Here are two research-backed reasons why pregnant and nursing women need DHA:

  • Positive outlook: It’s not uncommon for women to feel down after giving birth, or even while pregnant. Interestingly, women who have low levels of DHA are more likely to experience the baby blues.* [ii] While not all studies agree, some have shown that giving women Omega-3 supplements during pregnancy supports feelings of positivity — both before [iii],[iv] and after giving birth.*[v],[vi]
  • Peace and relaxation: As much as you may want and love your new child, being pregnant is still a stressful experience. Your body is changing, your hormones are raging and everything in your world is about to turn upside (either for the first time or again). Fortunately, a recent study found that women who have a high intake of Omega-3 fatty acids are more likely to stay peaceful and relaxed while pregnant than those who consume little to none.*[vii]

How much is enough?

Most studies typically use between 1,000 – 3,000 mg of a combination of EPA/DHA per day to support emotional well-being before and during pregnancy*; however, far less may be needed.
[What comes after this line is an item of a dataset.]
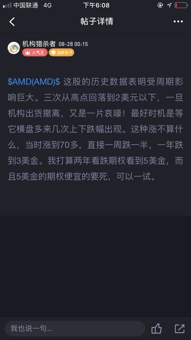 $AMD(AMD)$一堆人是不是以为AMD只是在和Intel竞争做CPU,不知道微软和索尼投了很多钱给AMD研究下一代的游戏主机吗?这样AMD都不是价值投资,哪家公司算价值投资?我记得某人还说23.7空的,不知道空没空

A recently published study on the use of DHA in preventing the baby blues used just 300 mg per day.* [viii]

Fish oil is the most concentrated source of EPA and DHA. However, if you’re vegetarian, you can substitute flax oil instead. It contains the Omega-3 fatty acid ALA, which is partially converted to DHA in the body. According to a 2002 study published in the British Journal of Nutrition, pregnant women convert up to 9 percent of ALA to DHA, so you can still get a good dose of the stuff without consuming fish. [xi] For example, one tablespoon of Barlean’s Fresh Flax Oil Organic provides 7,640 mg of ALA. Assuming a 9 percent conversion rate, that tablespoon provides nearly 690 mg of DHA.

* This statement has not been evaluated by the Food and Drug Administration. This product is not intended to diagnose, cure, treat, or prevent any disease.


[i}Xiaoming Jia, et al. Appl Physiol Nutr Metab. 2015 May;40(5):474-81.

[ii]Otto SJ, de Groot RH, Hornstra G. Prostaglandins Leukot Essent Fatty Acids. 2003 Oct;69(4):237-43.

[iii] Kaviani M, et al. Int J Community Based Nurs Midwifery. 2014 Jul; 2(3): 142–147.

[iv] Su KP, et al. J Clin Psychiatry. 2008 Apr;69(4):644-51.

[v] Judge MP. Experimental Biology 2011 Annual Meeting: Abstract 349.7. Presented April 12, 2011.

[vi] Freeman MP, et al. Acta Psychiatr Scand. 2006 Jan;113(1):31-5.

[vii] Dos Santos Vaz J, et al. PLoS One. 2013; 8(7):e67671

[viii] Judge MP, 2011.

[xi] Burdge GC, Wootton SA. Br J Nutr. 2002 Oct;88(4):411-20.